¿A quién no le gusta descifrar un misterio, o resolver un problema, y llegar a comprender algo? Además del sentido de satisfacción que nos trae usar el intelecto que Dios nos dio, también nos proporciona un sentido de seguridad. Al enfrentarnos una vez más con la misma situación, sabremos ya qué va a pasar y cómo proceder.

Todos buscamos hasta cierto grado esta seguridad y certidumbre. Sin ellas, la vida sería casi imposible. Pero el buscarlas obsesivamente puede indicarnos que no vamos por el mejor camino, sobre todo al tratarse de Dios o los demás.

Cuando creemos tener a Dios o al prójimo completamente descifrado, entramos en el laberinto de la certidumbre.
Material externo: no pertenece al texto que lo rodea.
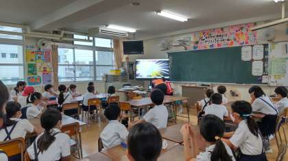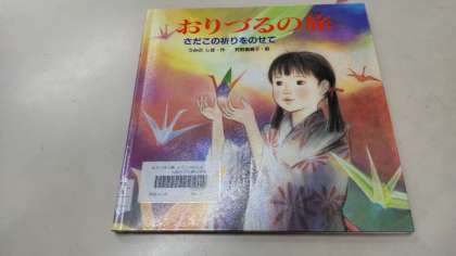 今日は、平和学習の一環として、図書館補助員の川田さんに全校読み聞かせをしていただきました。「おりづるのたび」という絵本です。2歳の時に被爆して12歳で白血病を発症して亡くなった佐々木貞子さんのお話です。教室の大型テレビで挿絵や広島の平和記念公園の中の写真などを交えてお話してくださいました。貞子さんが亡くなった後、貞子さんの友だちが呼びかけて全国の3000校を超える学校から手紙と募金が送られてきて貞子さんが亡くなってから2年後にすべての原爆でなくなったみんなのためにと「原爆の子の像」が建てられたそうです。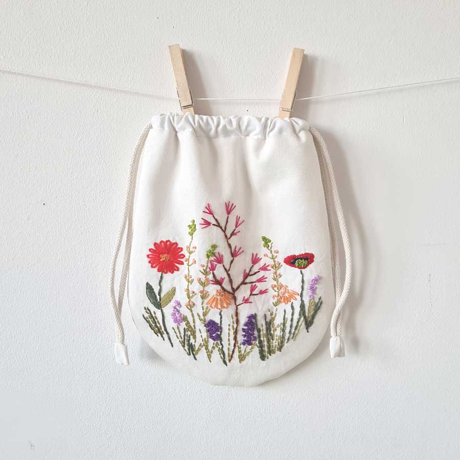 Woreczki z haftem regionalnym. Prezentowane woreczki ukazują piękno haftów ludowych z Kujaw, Puław i Kurpi. Każdy wzór został osobiście zaprojektowany, nawiązując do tradycji danego regionu. Woreczki powstały z tkanin z odzysku – dawnych prześcieradeł, pościeli czy lnianych spodni – podkreślając ideę zrównoważonego rękodzieła i drugiego życia materiałów.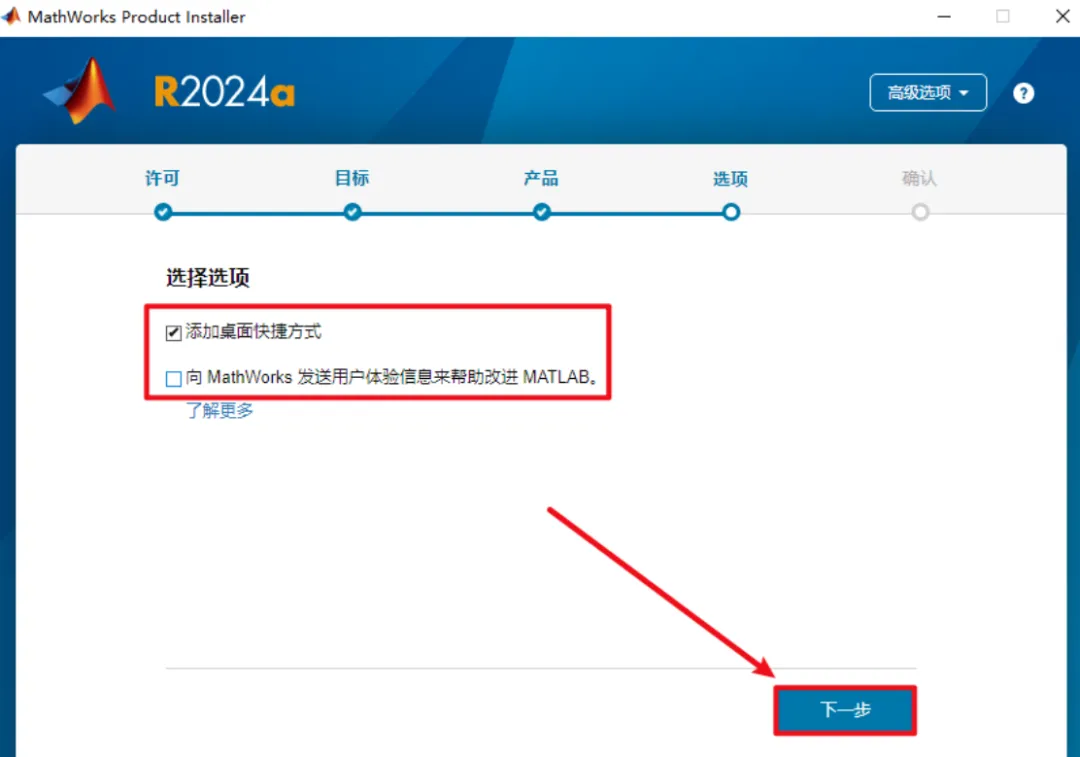 10.勾选第一项【添加桌面快捷方式】,第二项不要勾选,点击【下一步】。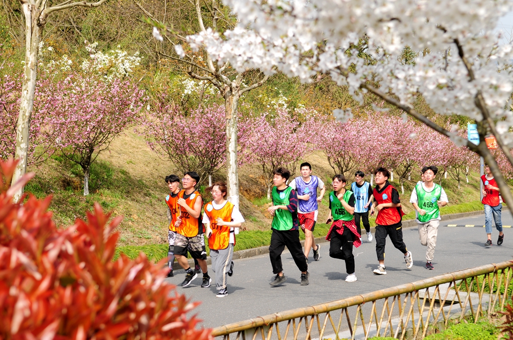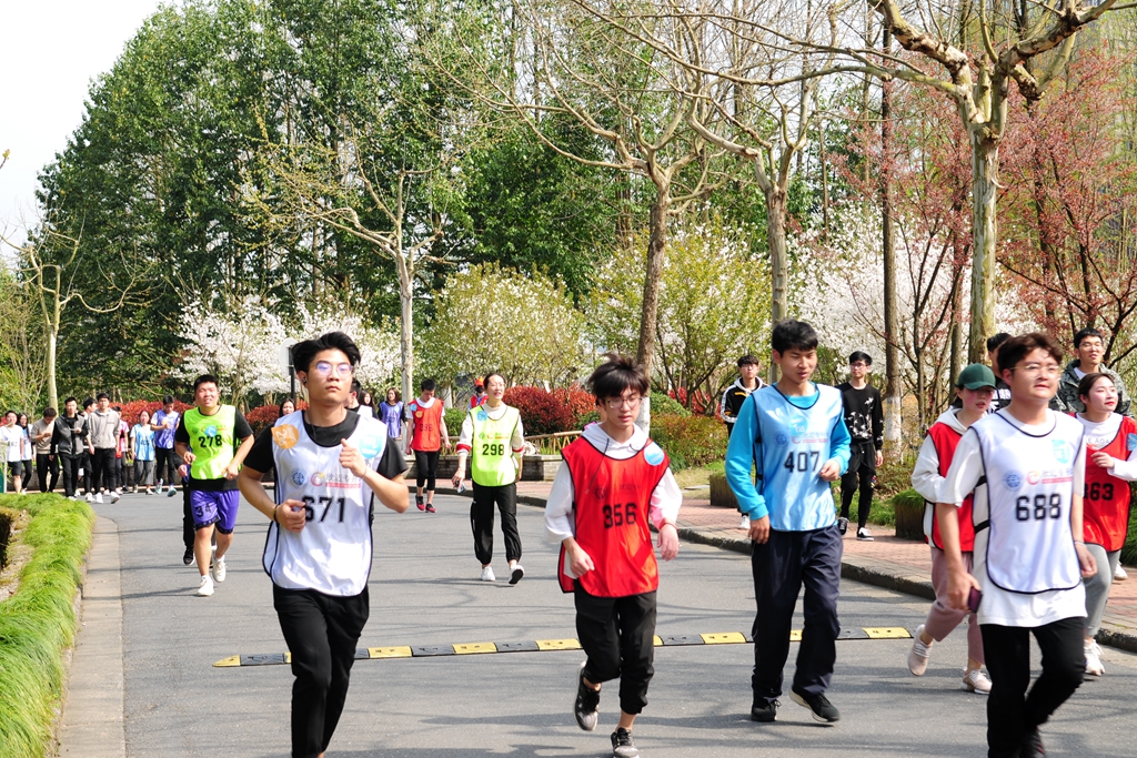 随着比赛发令枪的响起,杭科院师生开始了校园内7.6公里的拉力。本次赛道途经足球场、教学楼、实训楼、综合楼、图书馆、食堂、学生公寓楼、文体中心等杭科院标志性建筑,一路春光正好,桃李盛开,俨然是一条鲜花赛道。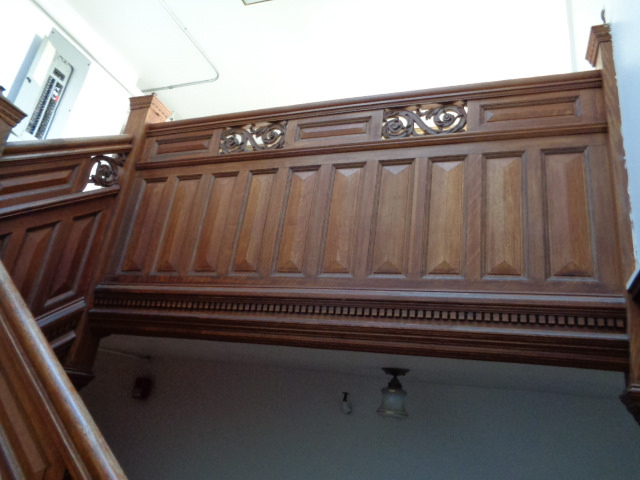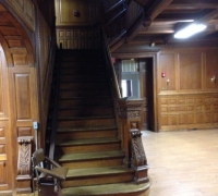 56 -The FINEST antique carved staircase in the USA! - With all the matching wall paneling and paneled large room and doors and matching huge 11 ft 6''h x 85'' w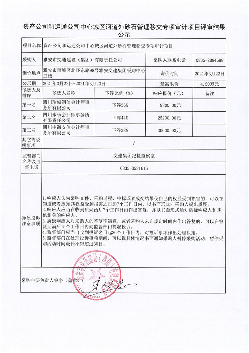 雅安市交通建設(shè)(集團(tuán))有限責(zé)任公司資產(chǎn)公司和運(yùn)通公司中心城區(qū)河道外砂石管理移交專項(xiàng)審計項(xiàng)目評審結(jié)果公示

Es un laberinto labrado por nuestras propias ideas preconcebidas y nuestras expectativas. Absolutamente todo dentro de él es a la medida que nosotros mismos hemos fijado.

En este sitio solitario, las personas e incluso el Dios que encontramos dentro, más que verdaderos, son imagen producida por nosotros mismos que niega su rica realidad y complejidad. Es resultado, quizá, de experimentar un mundo hostil en el que la única manera de sobrevivir es teniendo entendimiento y dominio sobre situaciones y personas.

Claro está que es posible conocer a Dios y conocer a nuestro prójimo hasta cierto grado. Pero es necesario reconocer los límites que tienen nuestro conocimiento y nuestra comprensión. Basta tan solo considerar cuántas veces hemos tenido una idea equivocada de alguien o de Dios mismo. Es por eso que a veces tenemos que dejar atrás la certidumbre, y dejarnos sorprender por Dios y por los demás.